O Brasil passou a ter vida própria e logo depois, em 1815, foi alçado a condição de Reino Unido de Portugal e Algarves. Mesmo com a queda de Napoleão (1814), D. João foi coroado no Brasil o 27º Rei de Portugal, tendo sido o primeiro monarca a tomar posse no continente americano. Com a Revolução Liberal do Porto, de cunho constitucionalista, em 1820, o Rei D. João VI foi obrigado a voltar a Portugal, deixando em seu lugar o Príncipe Regente Pedro, que em dezembro de 1822 foi coroado imperador do Brasil, com o título de Pedro I.

Essa passagem histórica tem uma enorme repercussão no direito brasileiro. Os movimentos liberais ganhavam força na Europa e repercutiam, por obviedade, por aqui, que até então utilizava a legislação portuguesa (Ordenações Filipinas). Tal fato, (vigência da legislação portuguesa) foi de alguma forma reforçado mesmo depois da independência, quando o Decreto de 20 de outubro de 1823 determinou a manutenção da legislação de Portugal no Brasil, naquilo em que não conflitasse com a sua soberania e com o novo regime.
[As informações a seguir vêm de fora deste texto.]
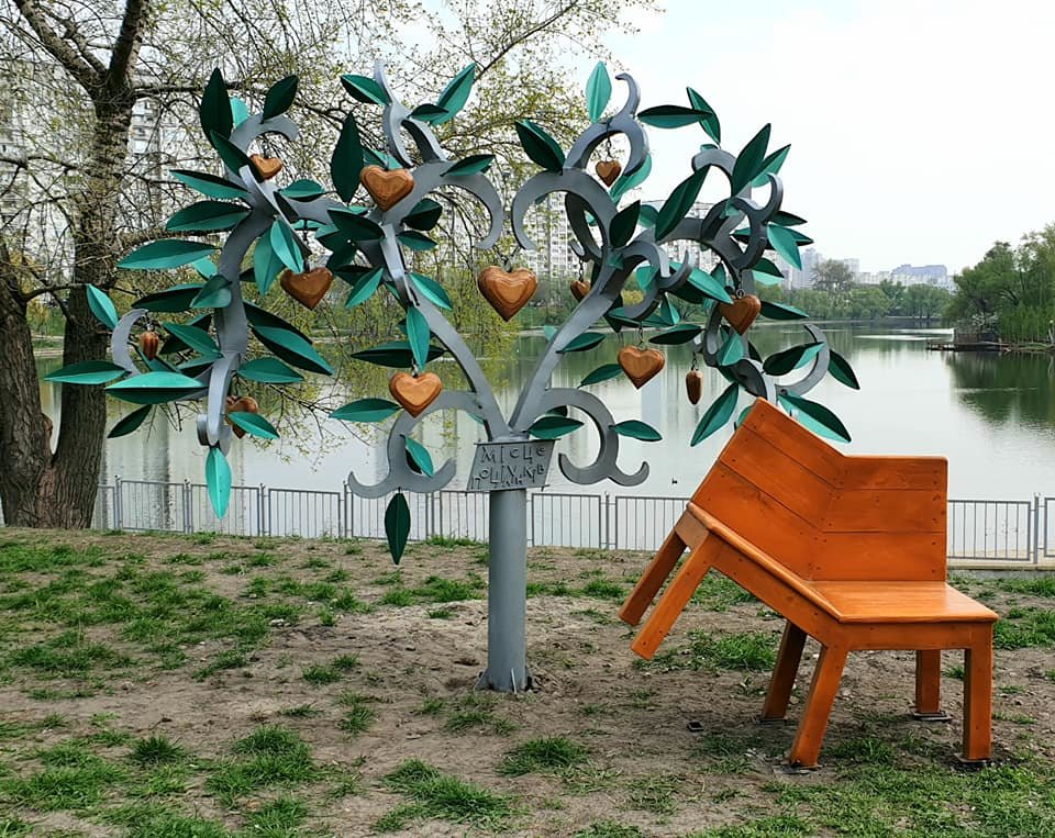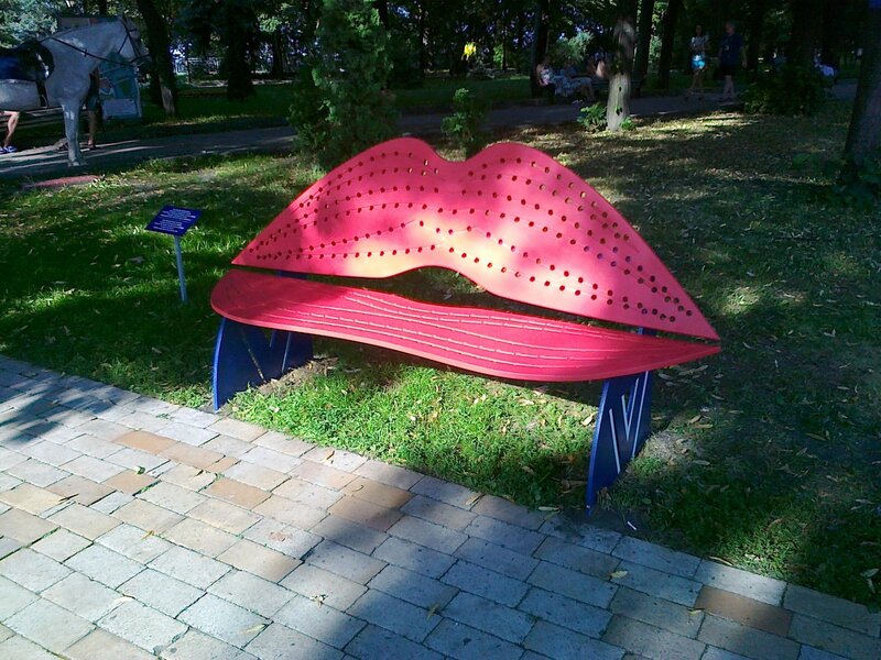 Київ любить закоханих. Тому фірмових лавок для поцілунків і не тільки у місті задосить. У Маріїнському парку — у вигляді червоних губок. У Печерському ботсаду — два серденька. А на березі озеру Тельбін — мінілавка "для зближення" (один кут лавки має нахил у 45°, тож один її "пасажир" постійно з'їжджає до іншого).

É sintomático o fato de que no retorno de D. João VI a Portugal, tenha prontamente jurado a primeira Constituição portuguesa, que foi aprovada em 22 de setembro de 1822. Quinze dias antes, porém fora proclamada a independência do Brasil e em maio de 1823 iniciaram-se os trabalhos da primeira Assembléia Nacional Constituinte, logo depois dissolvida (12 de novembro de 1823) por ter muitos deputados liberais-democratas, que trabalhavam por uma Constituição que respeitasse mais os direitos individuais e limitasse o poder do imperador. Apesar desse fato, a primeira Constituição brasileira que foi outorgada em 25 de março de 1824, trouxe significativos avanços.
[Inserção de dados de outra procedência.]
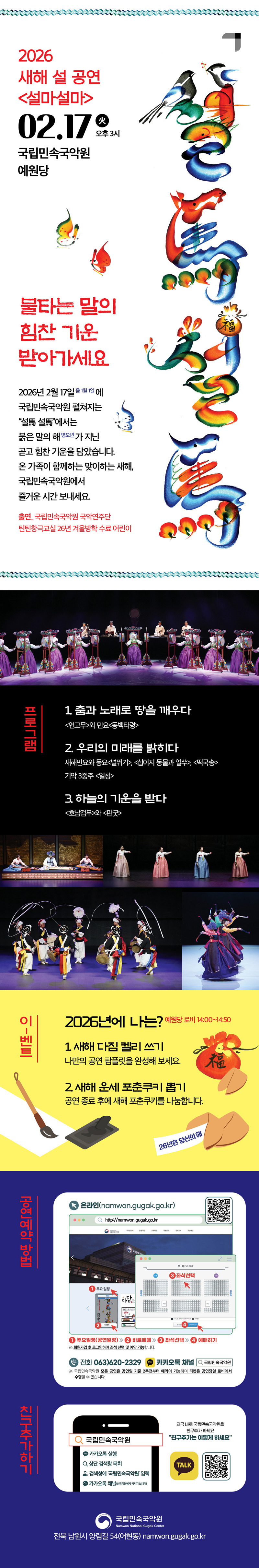 국립민속국악원 - 설 공연 작성자최영재|작성시간26.02.10|조회수16 목록 댓글 0 글자크기 작게가 글자크기 크게가 관람료 = 무료 다음검색 현재 게시글 추가 기능 열기 북마크 공유하기 신고 센터로 신고 댓글 댓글 0 댓글쓰기 답글쓰기 댓글 리스트

O historiador Thomas Skidmore [13], sobre o tema, ensina que "a elite brasileira absorveu muito de liberalismo político da Inglaterra. A Assembléia Constituinte delineou uma constituição sob a direção de José Bonifácio de Andrada e Silva, um proeminente proprietário de terra e jurista. Ele copiava, em grande medida, o sistema parlamentar inglês, com o objetivo de criar um governo controlado pela elite por meio de uma elegibilidade altamente restrita. O imperador Pedro I não gostou dela. Ele dissolveu a assembléia e arbitrariamente promulgou a sua própria constituição".

Como exemplo dessa renovação ideológica que tomava o nosso país, James Tubenchlak [14] conta que, "coube ao Senado da Câmara do Rio de Janeiro, dirigindo-se, em 04.02.1822, ao Príncipe Regente D. Pedro, para sugerir-lhe a criação de um ‘juízo de Jurados’. A sugestão, atendida em 18 de junho, por legislação que criou os ‘Juízes de Fato’, tinha competência restrita aos delitos de imprensa. A nomeação desses juízes – vinte e quatro homens bons, honrados inteligentes e patriotas – competia ao Corregedor e aos Ouvidores do crime. Da sentença dos ‘Juízes de Fato’ cabia somente o recurso de apelação direta ao Príncipe".

Nascia, assim, nesse ambiente efervescido, a instituição do júri no Brasil, antes inclusive da declaração da nossa independência de Portugal e antes também da instituição do júri por nosso colonizador. Guilherme Souza Nucci [15] comenta que "há que se considerar que o Brasil, às vésperas da independência, começou a editar leis contrárias aos interesses da Coroa ou, ao menos, dissonante do ordenamento jurídico de Portugal. Por isso instalou-se o júri em nosso país antes mesmo que o fenômeno atingisse a pátria colonizadora. Assim, em 18 de junho de 1822, por decreto do Príncipe Regente, criou-se o Tribunal do Júri no Brasil, atendendo-se ao fenômeno de propagação da instituição corrente em toda a Europa. Pode-se dizer que, vivenciando os ares da época, o que ‘era bom para a França o era também para o resto do mundo".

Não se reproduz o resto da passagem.